Выбрать главу

В этот же день, 7 января, состоялось свидание Шпеера со своим сыном Альбертом. Альберт принес три фотографии своей невесты Моники и передал их мне. Я их взяла, пообещав в субботу во время цензуры отдать заключенному. Но в субботу я опоздала на цензуру на целых три часа — мы попали в автоаварию (англичане провели цензуру без нас, в связи с чем мы позже заявили им протест. Протест был принят.). Авария была незначительной, никто серьезно не пострадал. По пути в Шпандау при выезде на Бисмаркштрассе в нашу старушку “Победу” на скорости врезался новенький “Опель”. К счастью, угодил в багажник. “Победа” машина прочная, но удар был неожиданным. Я упала с сиденья, однако отделалась легким испугом и ссадиной на ноге. Как “западная” женщина, я всегда езжу не рядом с водителем, а на заднем сиденьи. Тем не менее мы задержались на месте происшествия почти на два часа: сначала ждали западно-берлинскую полицию, затем — английскую, а потом уже своих. Как, наверное, и везде в мире, нас окружила толпа зевак. И здесь произошел эпизод, на котором хочу остановиться.

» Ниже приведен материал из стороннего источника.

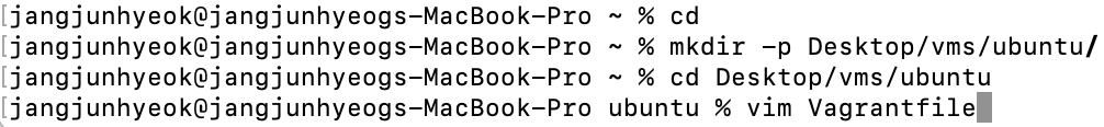 Desktop/vms/ubuntu 경로에 Vagrantfile 생성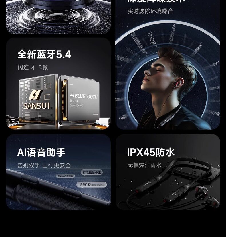 Shanshui True Wireless Bluetooth Наушники шеи попола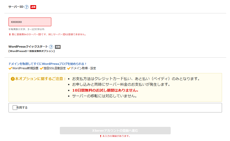 注意点: クイックスタートを利用すると10日間無料お試しが使えなくなり、申し込みと同時に料金が発生します。ただし、サーバー選定が済んでいるならお試し期間は不要なので、クイックスタートを使わない理由はありません。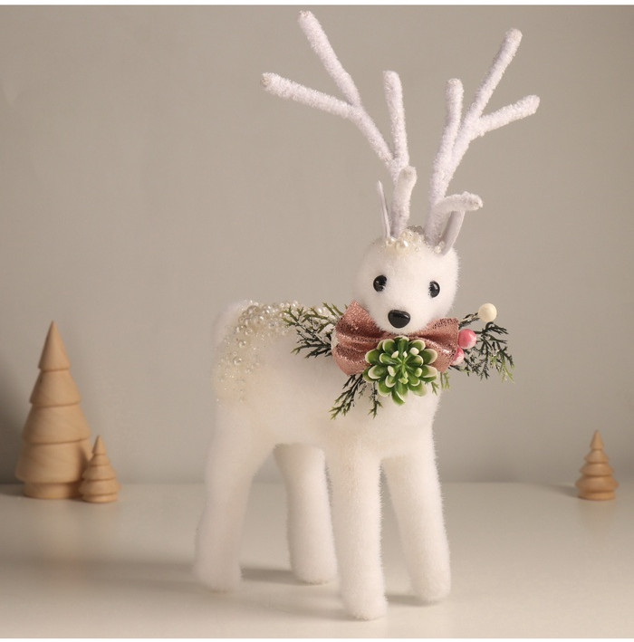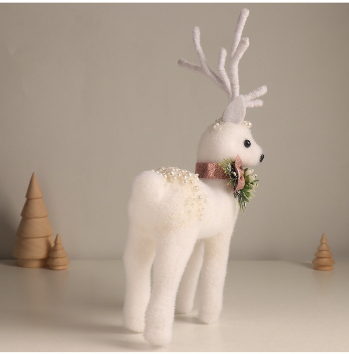 Фигурка новогодняя «Белый олень в бусинках»новинка -25%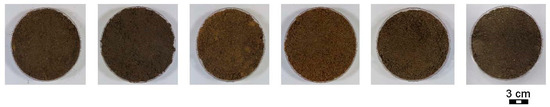 Since the investigated area is about 20,000 m2, six soil collection points were chosen to be investigated according to regulatory suggestions [36]. Six samples of soil (topsoil), mostly medium-coarse sand (Figure 3), were collected from different locations on the farm. Three samples were collected inside each greenhouse of the farm, while three samples were taken in the external area. Soil sampling was performed by coning and quartering. Following sampling, the adopted hyperspectral equipment was used to acquire the soils in Petri dishes (100 mm × 15 mm) in order to build the model training set.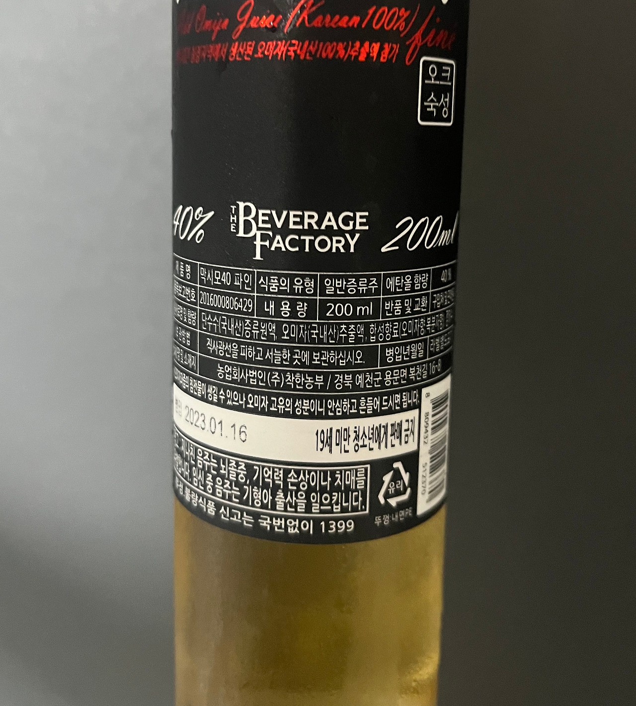 그간 오미자주를 정말 여러 가지 형태라 많이 먹어 보았지만, 이러한 느낌의 오미자 증류주는 처음이다. 톡톡 튀는 과실의 향미와 고도수가 주는 뜨거움을 모두 가지고 있으며, 향과 맛에서 느낄 수 있는 방향이 굉장히 색다르다. 오미자로 시작하여 럼으로 끝맺는 술로서, 새로운 전통주를 맛보는 나에겐 매력적으로 다가왔다.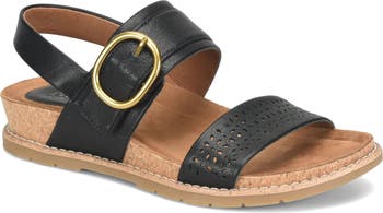 A contoured footbed and foam cushioning promise ease and comfort in a summery sandal secured by chic faux-leather straps.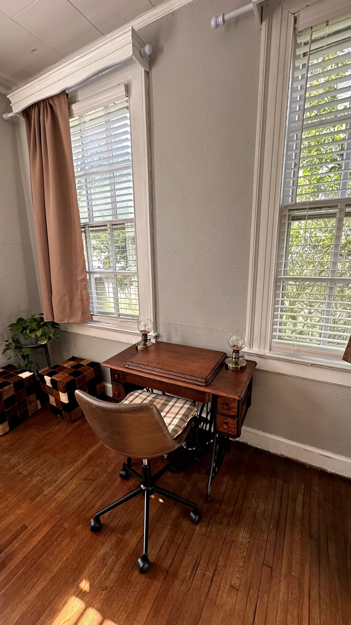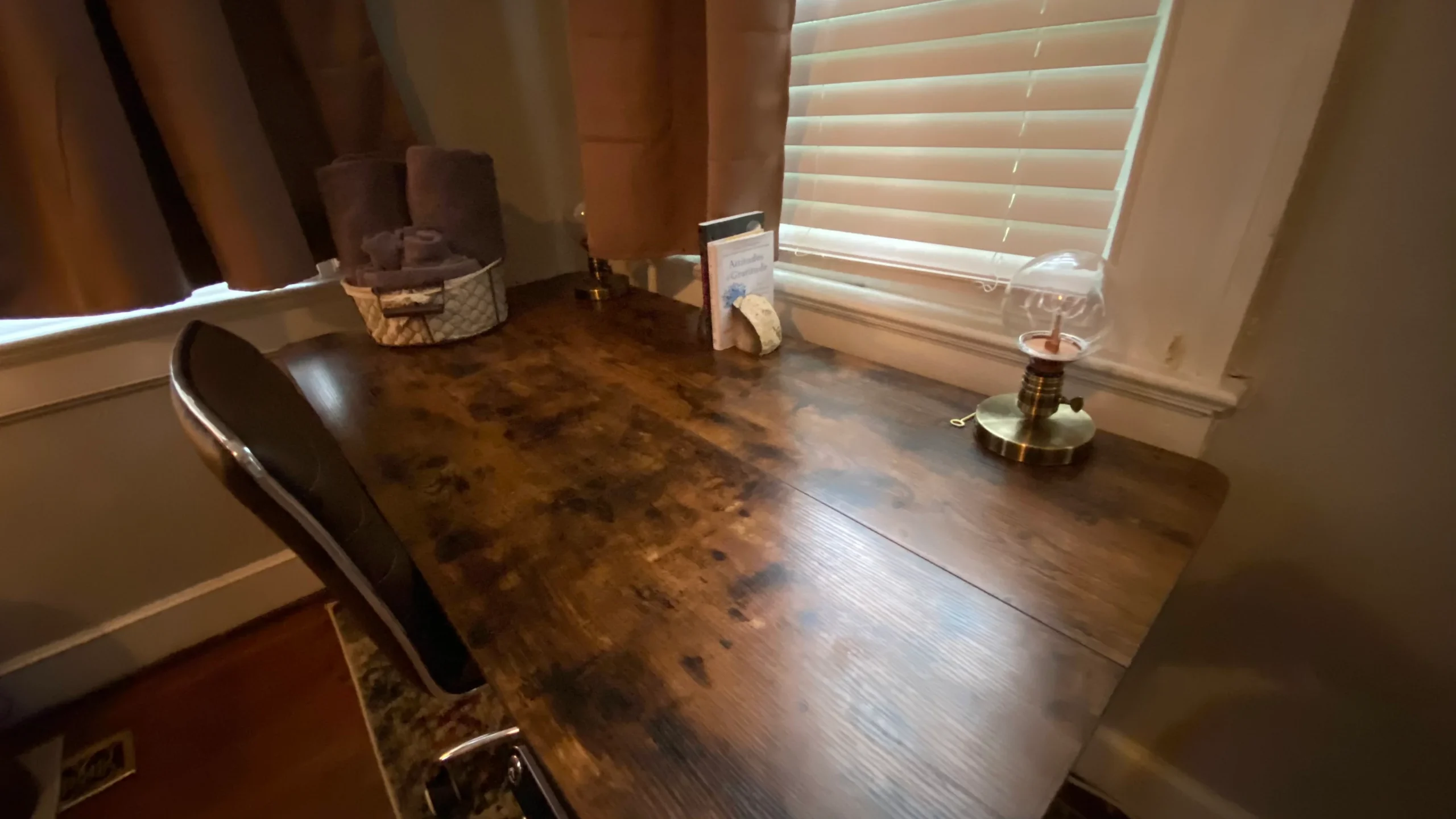 A standing desk is provided for a comfortable workspace.

К нам подошел немолодой солидный мужчина и предложил, если надо, позвонить из его магазинчика. Я позвонила в нашу комендатуру, а потом разговорилась с хозяином. Он был в плену в России во время войны, к нему там хорошо относились. “Я был у вас плен, я был бовар”, — заговорил он на ломаном русском. Я поняла, что на фронте он был поваром.

Между прочим, нам, представителям СССР, часто приходилось наблюдать такое благожелательное отношение со стороны немцев, особенно людей военного поколения. Они охотно вступали в разговор с советскими людьми, с офицерами, оказывая нам знаки внимания и уважения. Не скрывали, что воевали в России, но, как правило, почти все оказывались “поварами”. Я помню только одного немца — бывшего летчика, работавшего на аэродроме Шенефельд, который, не скрывая, рассказывал, как он в первые дни войны бомбил Киев, Минск, Могилев. Как был сбит и пленен. Большинство немцев, вспоминая плен, по-хорошему отзывались о русских, которые, несмотря на трудности и лишения, делились с ними, чем могли, не унижали их. Языковые познания собеседников были весьма специфичными. Демонстрируя в разговоре свой словарный запас, они закатывали глаза и перечисляли сохранившиеся в их памяти слова: “давай-давай, бабка, яйки, сало”. Однажды у Олимпийского стадиона в Западном Берлине к нам обратился на русском языке средних лет немец: “Нет ли у вас лишнего билетика, елки-палки? Мне очень хотелось посмотреть игру, но я не смог достать билет, елки-палки!”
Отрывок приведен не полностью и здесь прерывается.